☀️ Cluster Centroid Heat Maps#
In order to better interpret your clusters, you may need to visualise them using heatmaps. These heatmaps allow users to see which clusters are the closest.
%load_ext autoreload
%autoreload 2
Installation#
!pip install -q jsonshower
from relevanceai import Client
client = Client()
You can retrieve the ecommerce dataset from https://relevanceai.readthedocs.io/en/development/core/available_datasets.html#relevanceai.utils.datasets.get_ecommerce_1_dataset.

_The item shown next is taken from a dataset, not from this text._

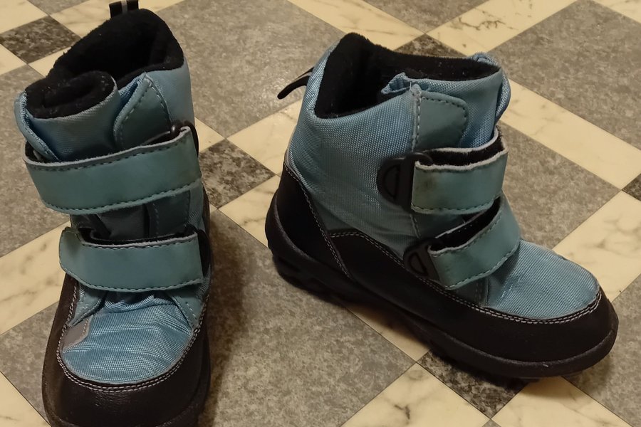 Svarta/ljusblå vinterskor i storlek 31. Fint skick. Endast avhämtning.

ds = client.Dataset("ecommerce")
Centroid Heatmap#
from relevanceai.operations.viz.cluster import ClusterVizOps
cluster_ops = ClusterVizOps.from_dataset(
ds, alias="main-cluster", vector_fields=["product_image_clip_vector_"]
)
cluster_ops.centroid_heatmap()
Your closest centroids are:
0.74 cluster-5, cluster-1
0.73 cluster-5, cluster-4
0.71 cluster-4, cluster-1
0.65 cluster-4, cluster-2
0.65 cluster-7, cluster-2
0.64 cluster-7, cluster-4
0.64 cluster-7, cluster-5
0.63 cluster-5, cluster-2
[Text(0.5, 1.0, 'cosine plot')]

Now we can see if our clusters are useful when we check the dashboard and inspect those clusters:
closest = cluster_ops.closest()["results"]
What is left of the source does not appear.